A recent small group conversation discussed legalism in Christianity and other religions. A friend (Coralee) asked, "What is it about us that makes us want to make Rules?" My wife, Jan, later generalized this question to me as, "Is human rule-making due to our being made in the image of God? What human characteristics are due to us being in God's image?"
Genesis 1:27 says that God made mankind, male and female, in His image. If we are in the image of God, how does that manifest itself in our life and culture? And, recognizing the fall, what aspects of our life and culture are due to the fall, not to being in God's image?
As Jan and I discussed this, it is clear that some things do follow from God's image, as they are characteristics of both God and humans. Our desire for community is inherited from God; God desires our communion with Him and in Genesis 2 recognizes that Adam cannot be alone. Indeed, loneliness is torture to many of us; we all want to be part of a small commune!
Our creative desires come from God, the Creator. Our love of Beauty follows from the One who looked on His creation and said, "It is good." Indeed, most forms of art can be traced to our desire to Create Beauty.
In Genesis 1, God creates Structure out of Chaos; He organize the earth and nature, separating light from darkness, sky from sea. In my experiences in math and science, it is a natural human desire to classify and organize the world around us. It is from this structure that we put objects in boxes and create rules.

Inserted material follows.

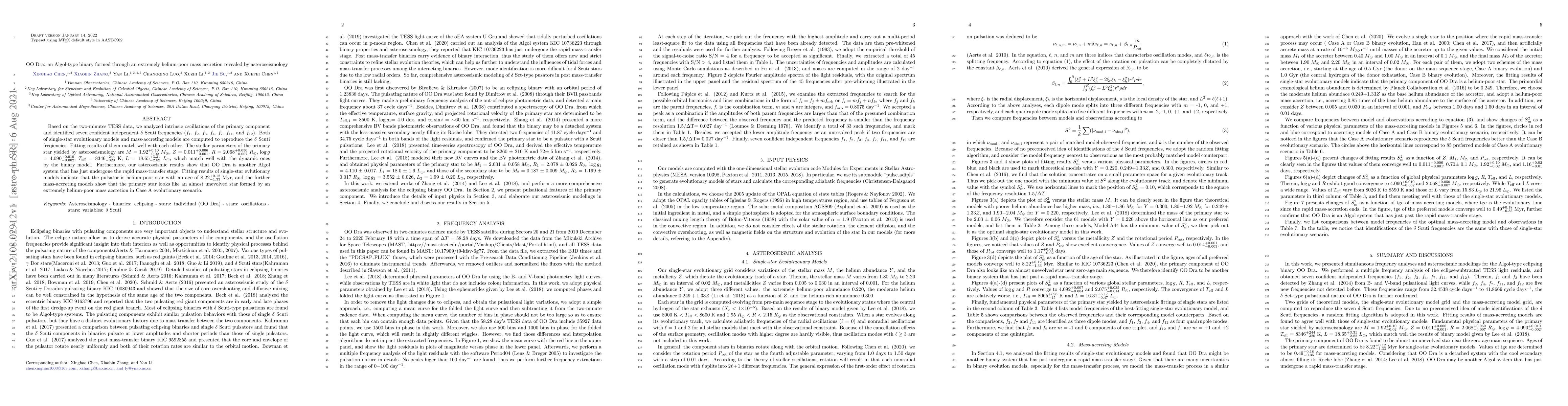 This paper identifies OO Dra as an Algol-type binary system formed through an extremely helium-poor mass accretion, revealed by asteroseismology. The analysis of TESS data detected seven $\delta$ Scuti frequencies, confirming the primary star's parameters and indicating a helium-poor, rapidly evolving star with an age of 8.22 Myr.

In Genesis 2: 19-20, God bring the animals to Adam and he names them. The Old Testament concept of "naming" implied some type of understanding or prediction about the object -- notice how Eve and other mothers name their sons! -- and so we see there the first step in cataloguing the world around us. Some might even argue that the biological process of taxonomy flows out of our image of God. (For example, see Taxonomic Theology: An Interdisciplinary Approach to a Biblical and Biological Theology of Naming by professors Stovell and Morris.)
Mankind's desire for justice come from God's Righteousness and from our recognition that people made in the image of God are invested with value and significance.
This video at the Bible Project argues that the prohibitions against idolatry (pervasive in the Old Testament) come from the fact that we are God's image! God has already made special images of Himself and it is us!
Wikipedia has an article in the Image of God. There it suggests three slightly different views of this concept: the Substantive, Relational and Functional. These are described there as:
"The Substantive view locates the image of God in shared characteristics between God and humanity such as rationality or morality. A Relational understanding argues that the image is found in human relationships with God and each other. A Functional view interprets the image of God as a role or function whereby humans act on God’s behalf and serve to represent God in the created order."
I argue that all three views are correct -- we receive rationality and morality (and creativity) from God and our desire for justice and community comes out of human relationships and our desire to represent God in these relationships.
In mathematics we describe functions as mapping one set into another; the elements in the second set, the range of the function, are the images of the first set. God has created a mapping into the brains (the intellect, soul, heart) of these little human beings so that we react in various ways that display that image. This mapping is not one-to-one; much is lost in that mapping, but in many ways our thoughts, our joys and creativity, our desire for justice, are all shadows of the mind of God!
A day will come when we leave these Shadowlands... but it is not yet.